Да ну его к черту, этот ужин.
Семен
Валентина Степановна ждала в кабинете, сидела, откинувшись на спинку кресла, выражение лица ее было спокойным и даже умиротворенным, правда, это умиротворение моментально исчезло, стоило войти заплаканной – по дороге с девушкой опять случилась истерика – Танечке.
– Мама! – Она бросилась к Рещиной и, уткнувшись в плечо, заревела с новой силой. – Мама… они меня в тюрьму посадят! Они… они…
– Не посадят, милая моя, не посадят, – Валентина Степановна грозно глянула поверх Танечкиного плеча. – Они шутили так. Давай успокойся. Вот так, вытри слезки. Иди умойся. Переоденься. Там в столовой пирожки испекли, с яблоками… вот умница. В ее присутствии говорить не буду, – это уже Веньке адресовалось.
– Ну так мы девушку и не задерживаем. Мы, в общем-то, к вам вопросы имеем.
– Видишь? – Рещина пригладила растрепавшиеся Танечкины волосы. – Они тебя не задерживают. Иди переоденься, посмотри, какое платье мятое, грязное, разве можно в таком ходить?
Когда Танечка вышла, Валентина Степановна одернула халат и, сев за стол, сказала:
– Извините. Вы… вы уже все поняли, так? Наверное, сразу. Наверное, глупо было думать, что выйдет иначе, но… но Танечка родилась такой. Нет, у нее не синдром Дауна, не олигофрения, и… в общем-то, у нее никаких отклонений, она просто дурочка. И, молодой человек, поверьте, это совсем не смешно.
– Простите, – Венька кулаком прикрыл улыбку.
– Танечка – наивный ребенок, который безоговорочно верит всему, что говорят, а когда выясняется, что ее в очередной раз обманули, рыдает. Нельзя ей без присмотра… Господи, о чем я говорю? Как она теперь будет?
– Как-нибудь, – жестко отрезал Венька, присаживаясь по другую сторону стола. – Ну, Валентина Степановна, будем сотрудничать? Смотрите, от того, что вы скажете, многое зависит… вообще, для начала расскажите, почему вы убили Людмилу Калягину. Родственница все-таки.

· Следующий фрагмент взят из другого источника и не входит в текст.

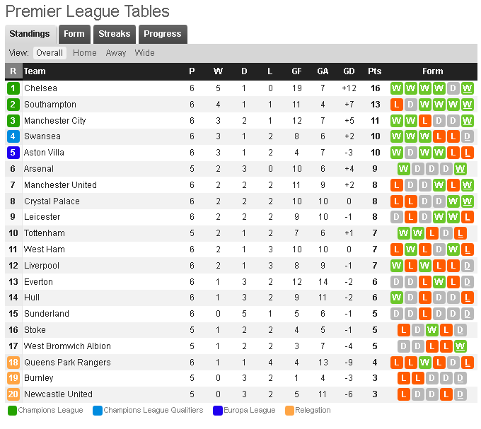 ขณะที่เอฟเวอร์ตัน อาการหนักพอกัน แม้จะยิงได้เยอะกว่า แต่ก็เสียประตูมากกว่าอยู่ดี แข่ง 6 นัดพวกเขาถึ่งชนะเพียง 1 นัดเท่านั้นตกไปอยู่อันดับ 13 ตามหลังลิเวอร์พูลอยู่ 1 แต้มด้วยผลต่างประตู -2

– Потому и убила, что родственница. – Рещина отвернулась к окну, черты лица ее смягчились, поплыли, потеряв былую жесткость. Стал заметен провисающий подбородок, сеточка морщин на высокой шее, в уголках рта и глаз. Темные, подернутые поволокой, те смотрели со смирением и тоской. Почему-то от взгляда этого Семену стало стыдно.
– Ее мать, Берта, приходилась мне двоюродной сестрой, у нас разница в пару лет, я моложе… когда я во второй класс пошла, Берту в детдом отдали, отец говорил, что она – слабоумная, что ее в специальной школе учить надо, давно туда отдать следовало, но они с мамкой пожалели сироту, подрастили. Только не в жалости там дело было, а в квартире. Район под застройку отвели и расселять собирались, а с сиротой больше льгот и больше жилплощади. Все просто и понятно, особенно теперь, а тогда да, верила… скучала немного. Или только кажется, что скучала? Она ведь странная была, не такая, как другие.
Венька, откашлявшись, строгим тоном попросил:
– Вы по делу говорите, по делу!
– А я и говорю по делу. Берта напрямую к делу относится, точнее, отец ее. Он ведь не русский, он в России работал, а потом уехал, а матери Бертиной, значит, оставил медальон на память. Вернуться обещал, только обманул. Все вы врете! – выкрикнула Рещина и, сунув руку в карман халата, потребовала: – Закурить дайте. Людочка, она же сумасшедшей была, ненормальной, она… но по порядку, я обещала по порядку… сигарету, будьте добры.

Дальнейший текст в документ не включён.